Джейн посмотрела на него недоверчиво:

— Твое изобретение?

— Нет, в те времена это был довольно обычный вид обуви для бродяг. Я достал адрес Эренбурга в городском справочном бюро — быть может, единственном учреждении в этом полицейском государстве, помогавшем простым смертным. Нужно было всего-навсего войти, заполнить бланк с фамилией человека, которого ты ищешь, и тебе давали адрес.

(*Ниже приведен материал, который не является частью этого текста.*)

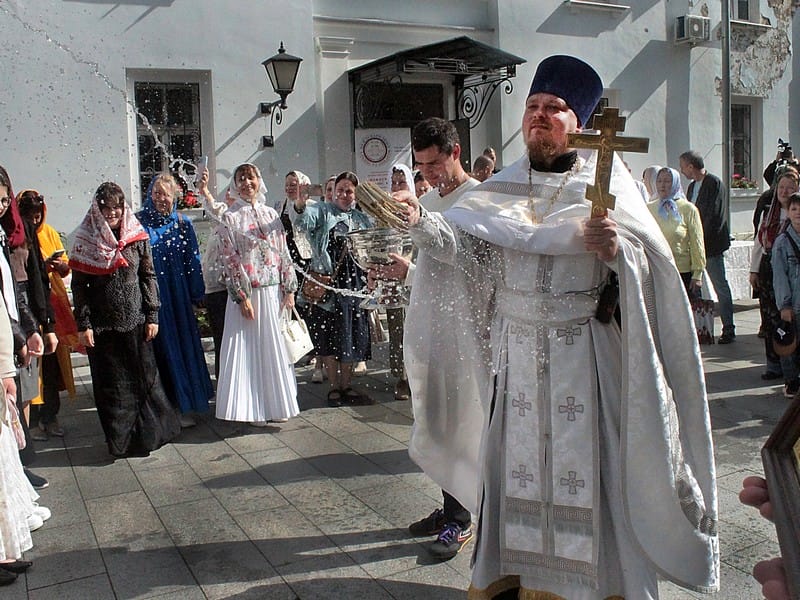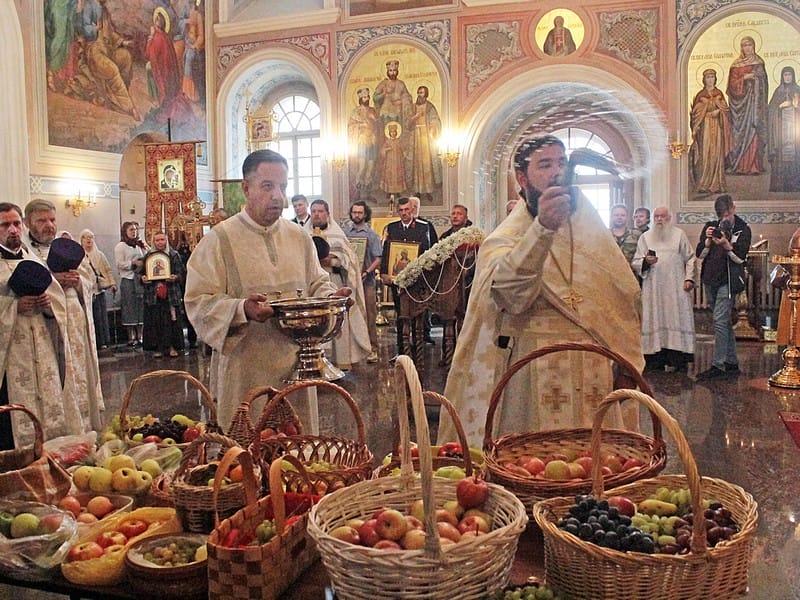 Праздничную службу возглавил настоятель храма иерей Тимофей Чайкин, которому сослужили войсковой священник Сибирского казачьего войска иерей Георгий Вардугин и духовенство храма. На праздник прибыли атаман Всероссийского казачьего общества Виталий Кузнецов, офицеры штаба ВсКО, княгиня Екатерина Трубецкая, проректор по казачьей культуре МГУТУ им. К. Г. Разумовского Алексей Хаюров, преподаватели и студенты вуза, московские казаки, прихожане. Торжество началось с водосвятного молебна, продолжилось Божественной литургией, а затем верующие прошли крестным ходом вокруг храма. Напомним, что на Преображение Господне выпадает народный праздник, пришедший из языческих времен, – Яблочный Спас, и 19 августа, как символ обновления и благодарности принято освящать плоды нового урожая – виноград, яблоки и другие фрукты.

— И тебя пропустили к нему в этих лохмотьях?

Сначала его не было дома, и я снова зашел вечером, сказал, что я поклонник таланта писателя, и он вышел в переднюю. Спросил, откуда я, а я ответил, что я беженец с оккупированной немцами территории, один во всем мире. Эренбург спросил, сколько мне лет. Наверное, ему стало меня жаль, потому что он пригласил меня в квартиру, Я до сих пор все помню, даже как билось мое сердце. В те дни Эренбург был на вершине славы, его статьи и книги всюду печатались. Он был великим борцом против немцев, своими призывами поднимал дух советских солдат, как раз в то время, когда они терпели самые горькие поражения. И вот явился я, и он принимает меня в квартире, роскошнее которой я до той поры не видел.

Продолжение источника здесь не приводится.